Reproduce all the records word for word. Omit images.

-- Listed entries follows --

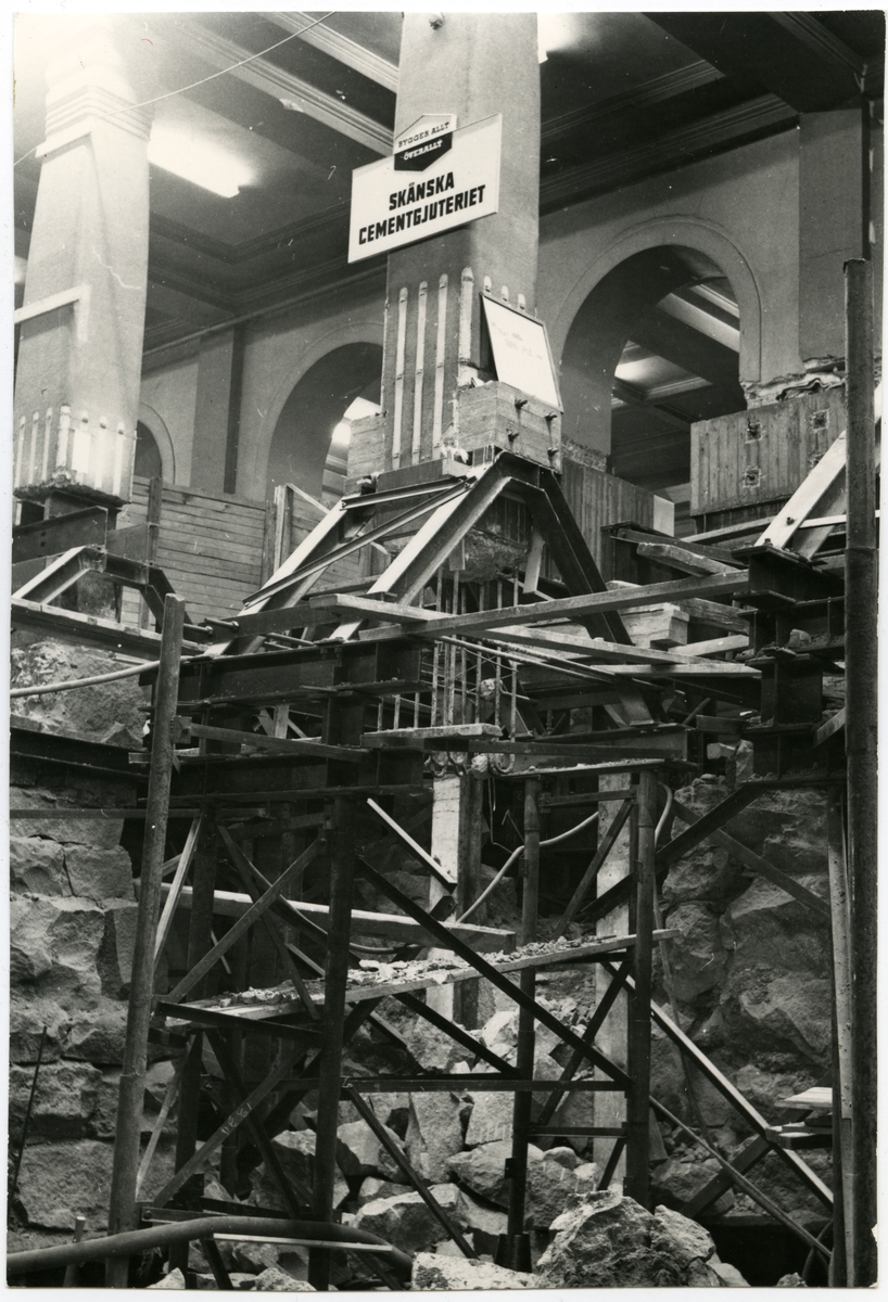 Statens Järnvägar, SJ, Stockholm centralstation ombyggnaden, avväxling av pelare i östra väggen.
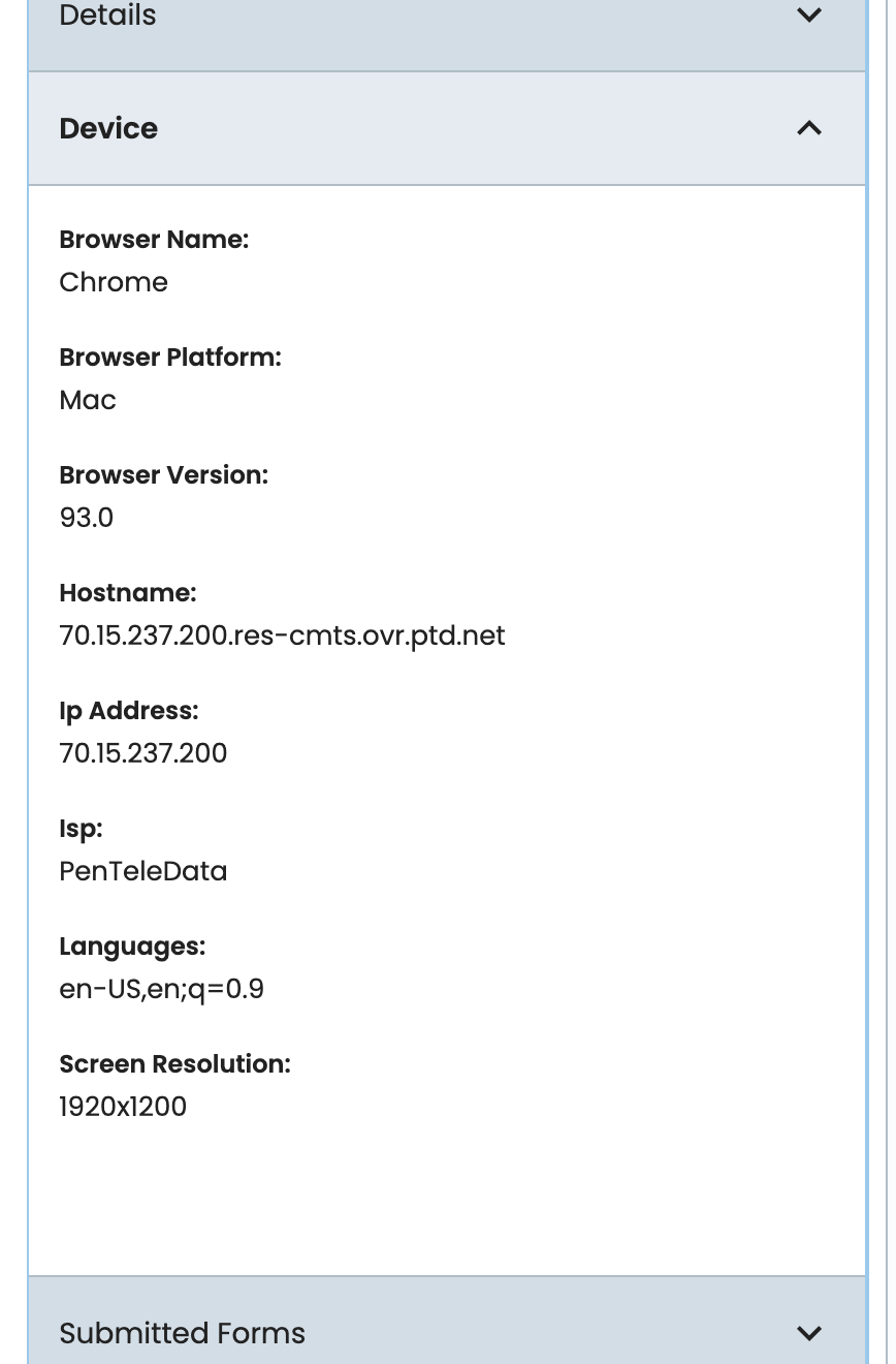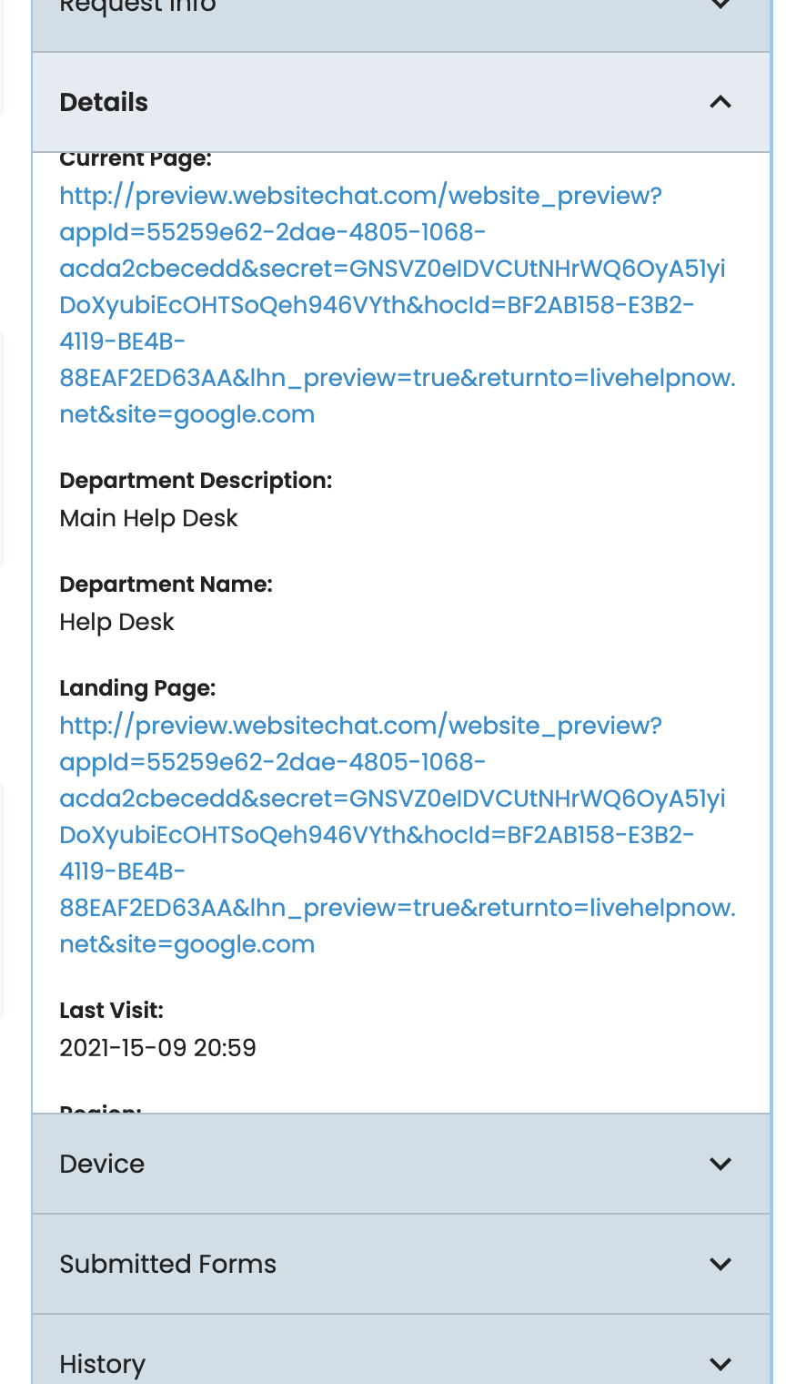 The middle columns can display further details about each visitor and customer chatting. Agents can see the pages customers landed on and explored, the device they are using, the forms they have submitted, and the history of all of the customers’ interactions.
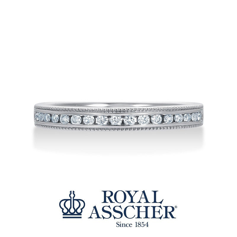 人気のレール留めの枠にミルグレインを施したデザイン。マリッジリングとのコーディネイトも楽しめます。
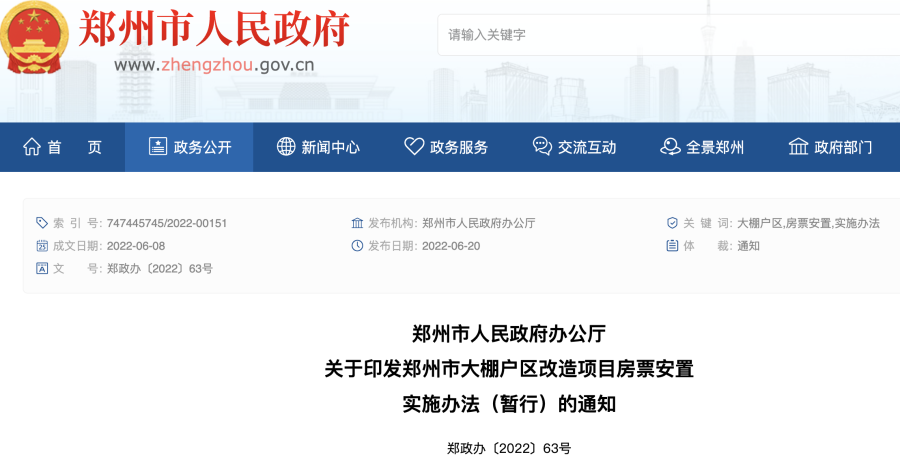 附:《郑州市大棚户区改造项目房票安置实施办法(暂行)》原文详情点此查看>>>
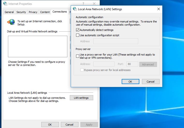 代理服务器是一种中间服务器,充当计算机的本地网络与大型网络(例如 Internet)上的另一台服务器之间的网关。您应该将浏览器设置为自动检测代理或根本不使用代理,以避免连接到互联网时出现问题。

-- Listed entries concluded --

• **Written response**
 Statens Järnvägar, SJ, Stockholm centralstation ombyggnaden, avväxling av pelare i östra väggen.
 The middle columns can display further details about each visitor and customer chatting. Agents can see the pages customers landed on and explored, the device they are using, the forms they have submitted, and the history of all of the customers’ interactions.
 人気のレール留めの枠にミルグレインを施したデザイン。マリッジリングとのコーディネイトも楽しめます。
 附:《郑州市大棚户区改造项目房票安置实施办法(暂行)》原文详情点此查看>>>
 代理服务器是一种中间服务器,充当计算机的本地网络与大型网络(例如 Internet)上的另一台服务器之间的网关。您应该将浏览器设置为自动检测代理或根本不使用代理,以避免连接到互联网时出现问题。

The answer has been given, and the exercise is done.